Traditional, the so-called ‘‘Boehm titration’’ has been used as a chemical method to identify oxygen surface groups on coal samples under investigation. The Boehm titration is based on the principle that oxygen groups have different acidities and can be neutralized due to different strengths. Sodium hydroxide (NaOH), the strongest base used, is assumed to neutralize all Brønsted acids (including phenols, lactonic groups and carboxylic acids), sodium carbonate (Na2CO3) neutralizes carboxylic and lactonic groups (e.g. lactone and lactol rings) and sodium bicarbonate (NaHCO3) neutralizes carboxylic acids. The difference between the uptake of the bases is used to identify and quantify the types of oxygen surface groups (Goertzen et al. 2010).
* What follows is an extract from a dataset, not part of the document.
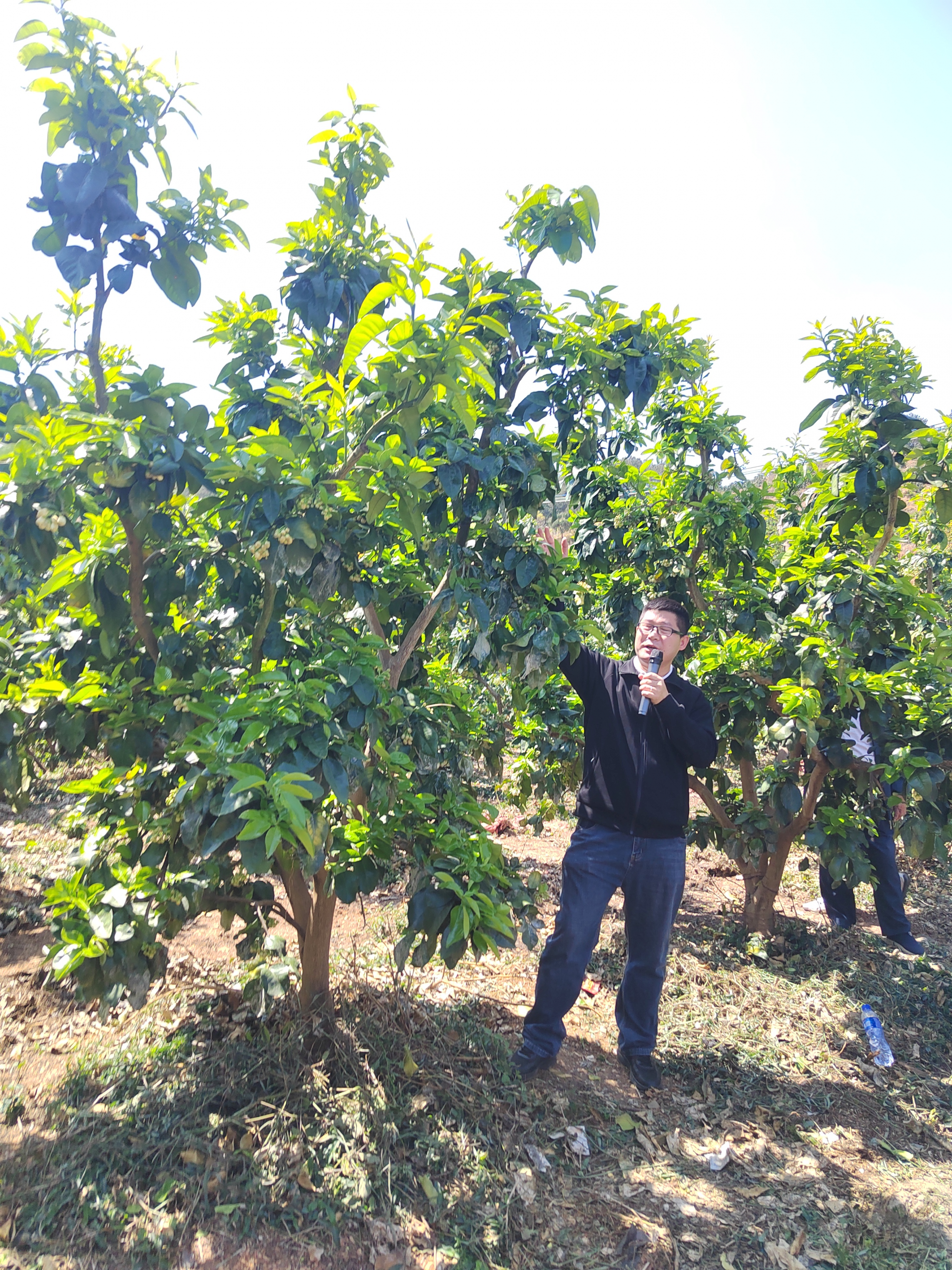 在宝鑫家庭农场柚园内,“田间课堂”直面春季管理痛点。果树研究所所长李国华研究员现场演示土壤检测技术,倡导“减肥增效”理念,破解盲目施肥导致的土壤退化难题。针对春季高发的黄龙病、溃疡病等病害,苟文涛博士推广生物诱捕和疏枝修剪技术,并特别提醒:“倒春寒风险下,需结合果园小气候监测,提前做好预防,保障花蕾发育正常”。参训柚农表示:“以前凭感觉剪枝,现在知道每簇花蕾保留2-3朵最科学,减少养分消耗提高坐果率”。

To determine the coal swelling ratio in pyridine a simple and effective technique was used. The samples (grain diameter < 0.2 mm) were placed in glass narrow tubes (3 mm internal diameter, length 20 cm) and their height was measured. As the goal of this test was to determine the swelling-induced volumetric changes the mass of coal used was not measured. Then solvent was added and mixed with coal to ensure that the fluid will reach every grain of coal. The tests were performed until no more changes in the samples height were observed, at least 14 days. The solvent was being refilled during the test to ensure the coverage of the coal stake surface of at least a 3 cm layer of fluid. The swelling ratio was the increase of coal sample height divided by the height of the original coal.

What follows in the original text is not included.